Among the lines below, copy exactly those from the one with "BIJOU - Deo" through the one with "hundehalsband Halsband für", counting both ends.

Exercise materials:
#####
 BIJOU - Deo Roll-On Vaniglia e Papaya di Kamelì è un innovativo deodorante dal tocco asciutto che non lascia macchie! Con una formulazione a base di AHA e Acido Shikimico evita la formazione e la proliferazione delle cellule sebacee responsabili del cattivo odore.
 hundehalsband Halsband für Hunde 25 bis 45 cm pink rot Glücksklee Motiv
#####
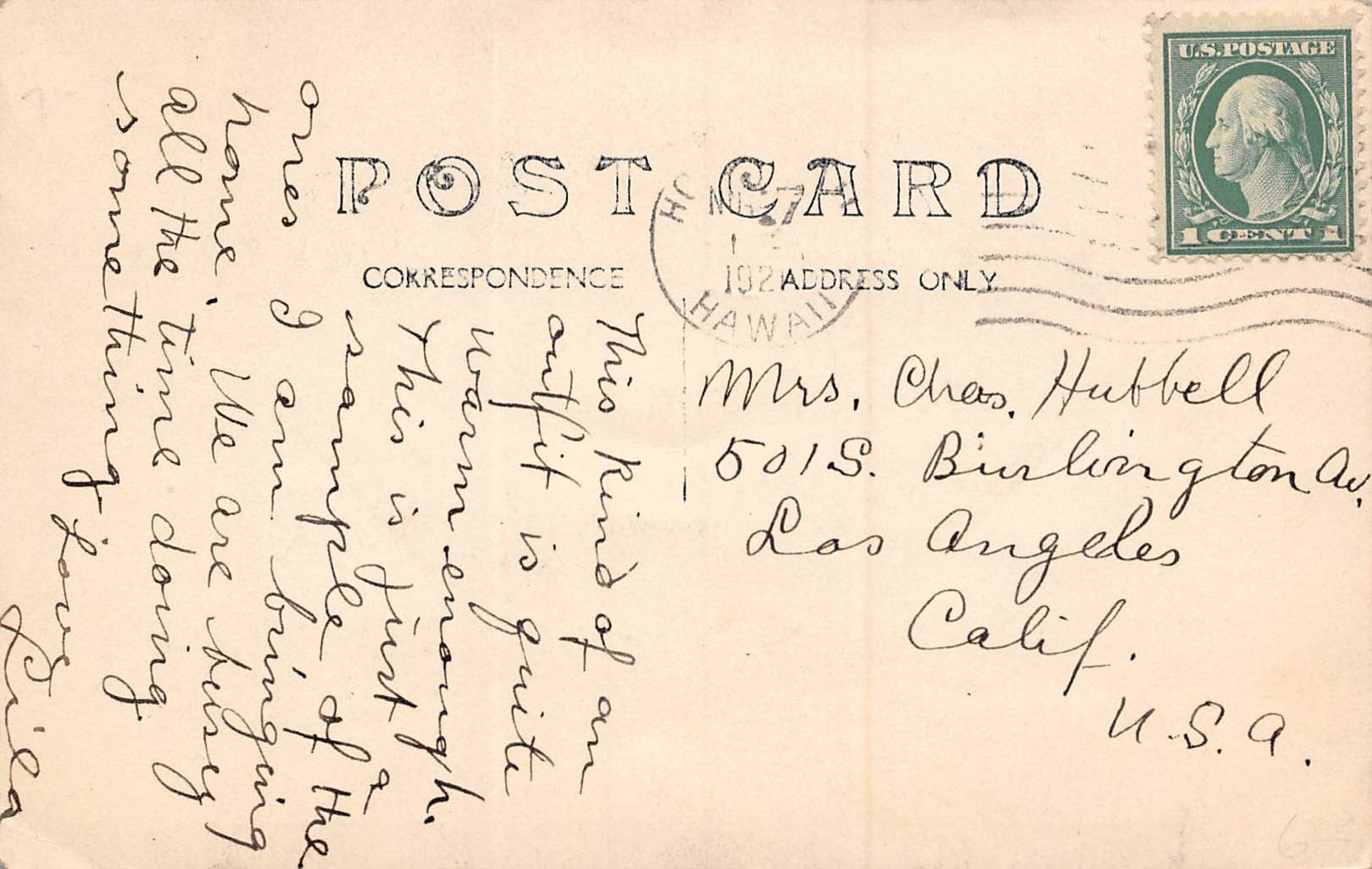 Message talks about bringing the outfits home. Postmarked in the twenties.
#####
Response:
 BIJOU - Deo Roll-On Vaniglia e Papaya di Kamelì è un innovativo deodorante dal tocco asciutto che non lascia macchie! Con una formulazione a base di AHA e Acido Shikimico evita la formazione e la proliferazione delle cellule sebacee responsabili del cattivo odore.
 hundehalsband Halsband für Hunde 25 bis 45 cm pink rot Glücksklee Motiv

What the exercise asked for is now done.